Overall, I agree with you that we could adapt the reader to be more compatible.
As for the initialization of results, my thinking was that we would use python lists to hold intermediate results, and when iteration stops and _conclude is called, the list is converted to a numpy array and made available exactly as before.
Maybe we allow slicing, but raise a RuntimeError if the start frame isn't reached or the end frame isn't reached? What do we pass as the end frame if no stop is defined? In this case, we still would need the AnalysisBase modifications to handle an unknown-length stream- though this could be avoided if we require the stop kwarg for stream readers. In this case, should we still raise an error if that frame isn't reached? Or should we give people their intermediate results?
That might be the best path forward- requiring people to pass in an end frame, defaulting to 0 for the start frame, and failing out if the end frame isn't reached, perhaps with some kind of option to save intermediate results to csv or something. That would also allow us to avoid adding complexity with parsing logic for all the different analysis class' frame-related kwargs like ref_frame, and we could initialize results arrays with the required end frame arg as the length.
Edit: Say something like ref_frame is a frame in the middle of the trajectory- what do we do with the frames up until the ref_frame which isn't yet available (can't just jump directly to it)?

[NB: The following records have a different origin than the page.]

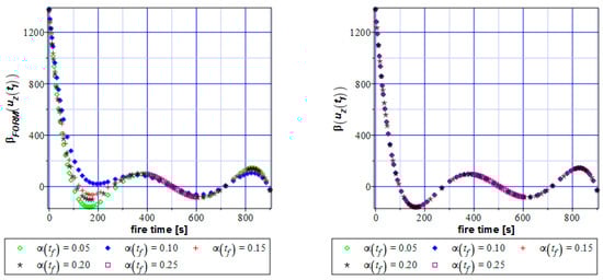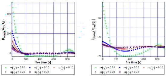 Higher order statistics of the reduced stresses are definitely distant from 0 during fire exposure time, so that these stresses cannot be approximated with the Gaussian distribution. Therefore, the FORM index given in Equation (40) includes a remarkable modelling error, whereas relative entropy should be calculated here using the general analytical formula (42). Further numerical results concern reliability analysis of the given structure, so that Figure 19 contains the key results in this study and presents a comparison of the reliability indices determined using the FORM approach (left graph) with these calculated thanks to the Bhattacharyya relative entropy. They are both plotted as the functions of the fire exposure time and are related to the Serviceability Limit State. This is because previous results document well approximation of the distribution of the displacement by the Gaussian PDF; this is not the case with the reduced stresses, so their reliability has been discussed in Figure 20 using the FORM index only. As one could expect, these time fluctuations of reliability indices have typical exponential decay in the first stage of fire heating, but then, after reaching critical and 0 values, exhibit further oscillatory character. This part is interesting from the numerical point of view and has no practical importance and the structure lost its reliability. Such a wavy character is totally absent for civil engineering structures subjected to, i.e., static loads and some stochastic ageing process, when reliability decreases monotonously.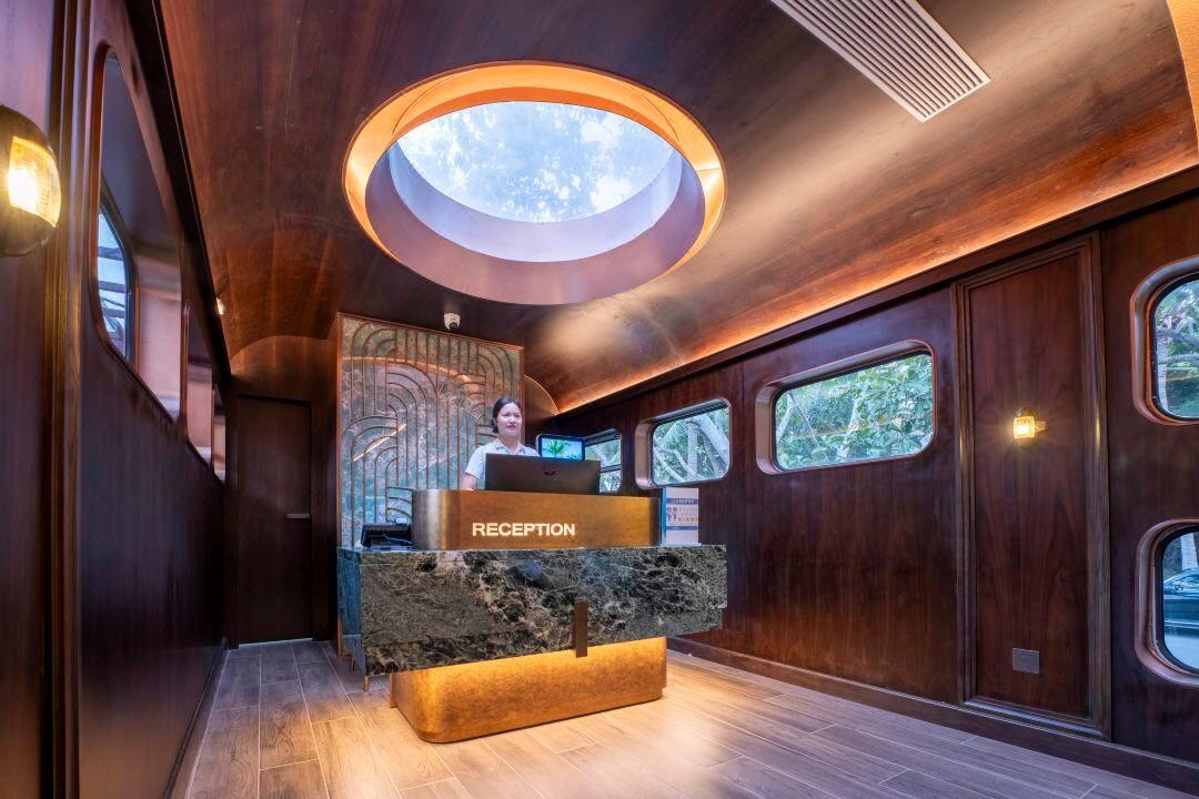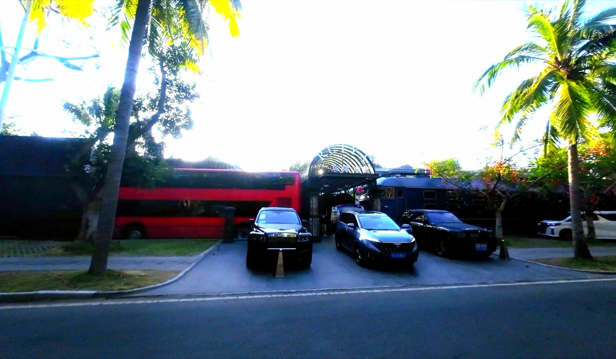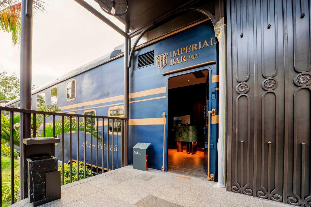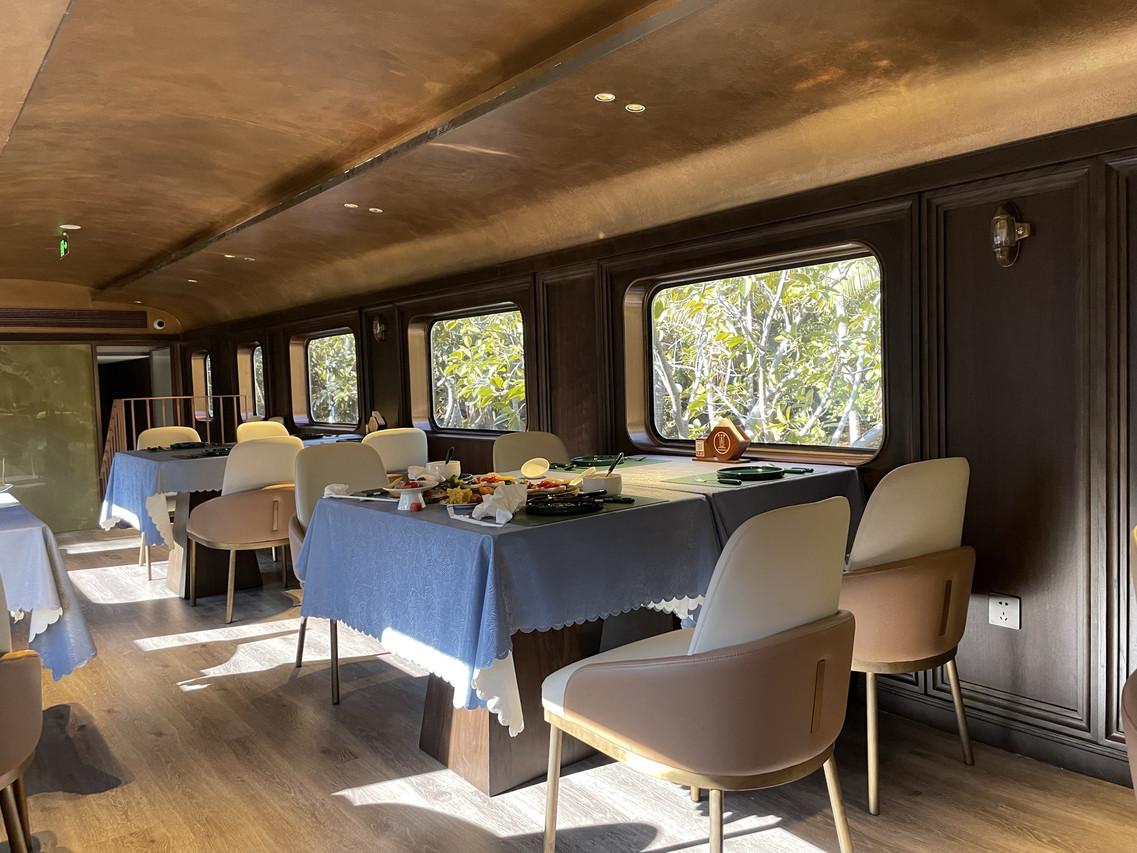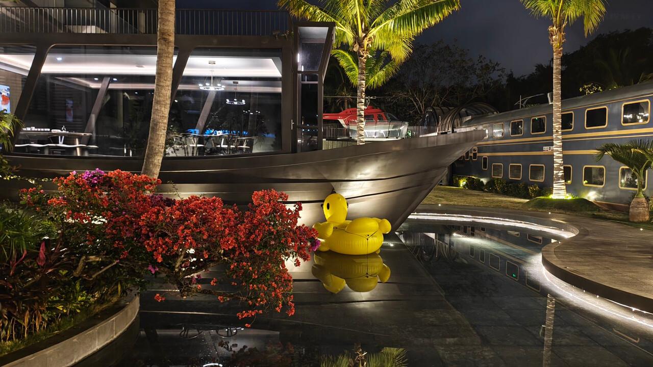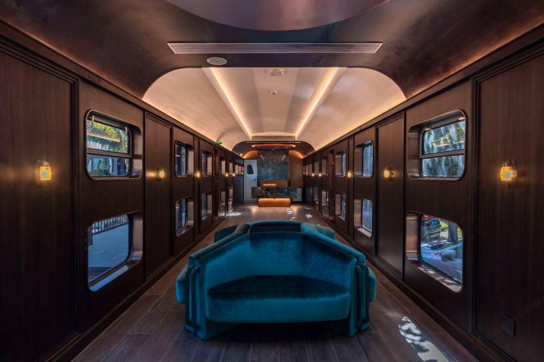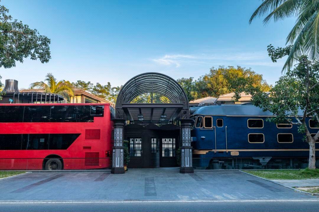 開車來到酒店門口,看到的是一列嶄新的雙層列車停在路邊 ,列車上的標牌寫着鄂爾多斯-三亞,列車,這趟列車既是是酒店的邊界,也是酒店的功能區,酒店的大門就在兩個車廂連接處這個拱門處,門童中還有一個印度小夥。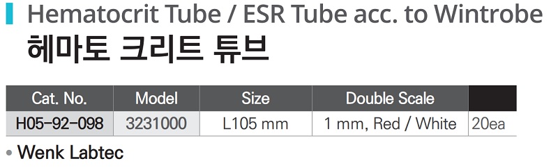 헤마토 크리트 튜브 Hematocrit Tube H05-92-098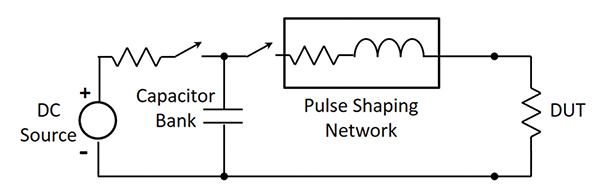 Most often, a double exponential test pulse is produced by a test pulse generator specifically designed to this purpose. The basis of many double exponential test pulse generators is depicted in Figure 2. It makes use of reactive components to store the energy and shape the waveform. For these types of pulse generators, the loading impedance of the device under test (DUT) itself is a factor that must be taken into consideration in determining the pulse waveform. As such, it can be an iterative process to set up this kind of pulse generator to get the desired pulse amplitude, rise time, and duration. Appendix E of ISO 7637-2 describes how to calculate the energy delivered to DUT by a double exponential pulse.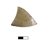 | Description: | A nearly flat fragment, turning down along the curved (broken) edge. Decorated by light incision: along the edge, alternating long and short lines; further in a branch of herringbone pattern. Nearly colorless glass. | |

As for the initialization of results, my thinking was that we would use python lists to hold intermediate results, and when iteration stops and _conclude is called, the list is converted to a numpy array and made available exactly as before.

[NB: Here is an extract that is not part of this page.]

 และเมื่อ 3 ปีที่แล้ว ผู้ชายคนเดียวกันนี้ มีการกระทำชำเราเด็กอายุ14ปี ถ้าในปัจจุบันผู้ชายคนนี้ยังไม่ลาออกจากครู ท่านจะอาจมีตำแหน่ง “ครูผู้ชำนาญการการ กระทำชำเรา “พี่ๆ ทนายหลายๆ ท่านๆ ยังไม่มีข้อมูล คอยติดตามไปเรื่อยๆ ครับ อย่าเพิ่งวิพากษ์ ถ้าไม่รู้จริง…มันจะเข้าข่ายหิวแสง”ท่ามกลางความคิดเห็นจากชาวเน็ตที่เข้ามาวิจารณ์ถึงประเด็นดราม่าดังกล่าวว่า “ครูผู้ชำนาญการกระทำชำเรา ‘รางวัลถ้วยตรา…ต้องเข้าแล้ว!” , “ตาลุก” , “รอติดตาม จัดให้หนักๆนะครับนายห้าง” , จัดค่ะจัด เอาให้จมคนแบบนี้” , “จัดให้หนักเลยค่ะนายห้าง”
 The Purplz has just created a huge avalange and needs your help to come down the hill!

Many analyses also rely on array assignment within single_frame, so the list-appending approach wouldn’t work in these cases or unless you want to refactor the whole AnalysisBase. For example, see this usage in MSD analysis.

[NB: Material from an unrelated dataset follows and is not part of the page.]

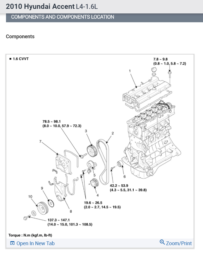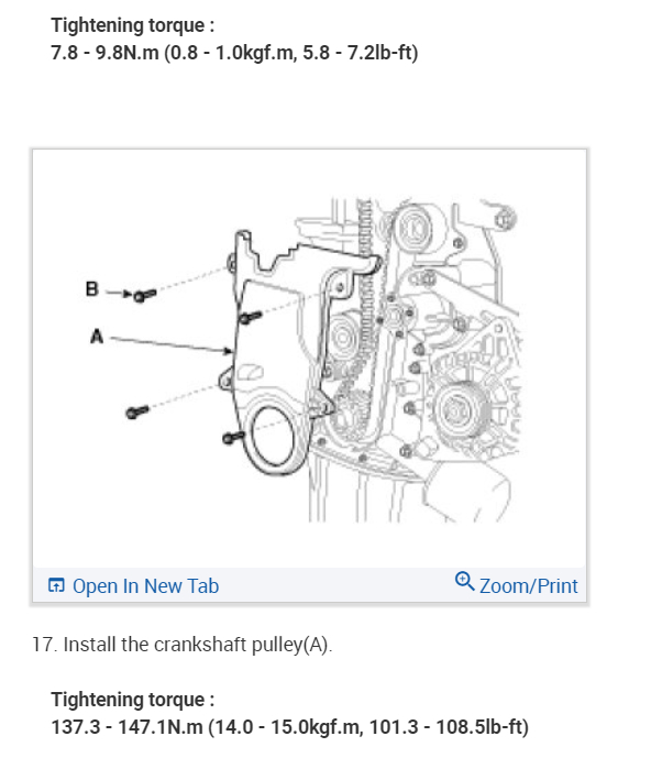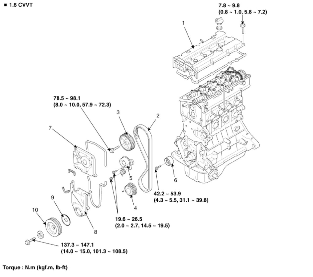 Without CVVT(1.4L/1.6L): 20±3.5 kgf

I don’t have a fully fleshed-out solution yet, but I wonder if it might be possible to implement a “block” analysis approach so it could be processed in chunks of a fixed number of frames, and then the results from each block could be concatenated during _stream_run at the end.
Good idea.
I hope that the discussion on this issue leads to a feasible and general solution, similar to how the parallelization was refined through discussions. It‘s important for the future of MDAnalysis.
I don’t have a fully fleshed-out solution yet, but I wonder if it might be possible to implement a “block” analysis approach so it could be processed in chunks of a fixed number of frames, and then the results from each block could be concatenated during
_stream_runat the end.
This is a really clever idea IMO, if the trajectory could be processed in blocks guaranteeing that size == blocksize or size == mod(full_len, blocksize) for the end of the stream , then each can call a full AnalysisBase run and then concatenate the resulting results objects. Is this what you were thinking @yuxuanzhuang? It is similar to the way we approached parallelisation IIRC.
I haven't had time to think this through fully yet, but one initial comment / thought based on @yuxuanzhuang's comment "Instead of modifying AnalysisBase to be streamable, would it be feasible to make IMDReader “AnalysisBase-compatible”?"
I'm not sure if it's in the same spirit, but I am concerned that we are following the path of "let's keep on adding things to AnalysisBase because we can".
It sounds to me like enabling analyses on streams is going to need a lot of analysis-specific work. Is this a fair assessment? If so, is it maybe worth consider if we need either a mixin or a separate subclass to make analyses stream compatible? (rather than adding more to the one base class)
This is a really clever idea IMO, if the trajectory could be processed in blocks guaranteeing that
size == blocksizeorsize == mod(full_len, blocksize)for the end of the stream , then each can call a full AnalysisBase run and then concatenate the resulting results objects. Is this what you were thinking @yuxuanzhuang? It is similar to the way we approached parallelisation IIRC.
Yes, exactly. With such, I think the existing _get_aggregator for parallel analysis should just be the right tool for concatenation so no extra function will be needed for that.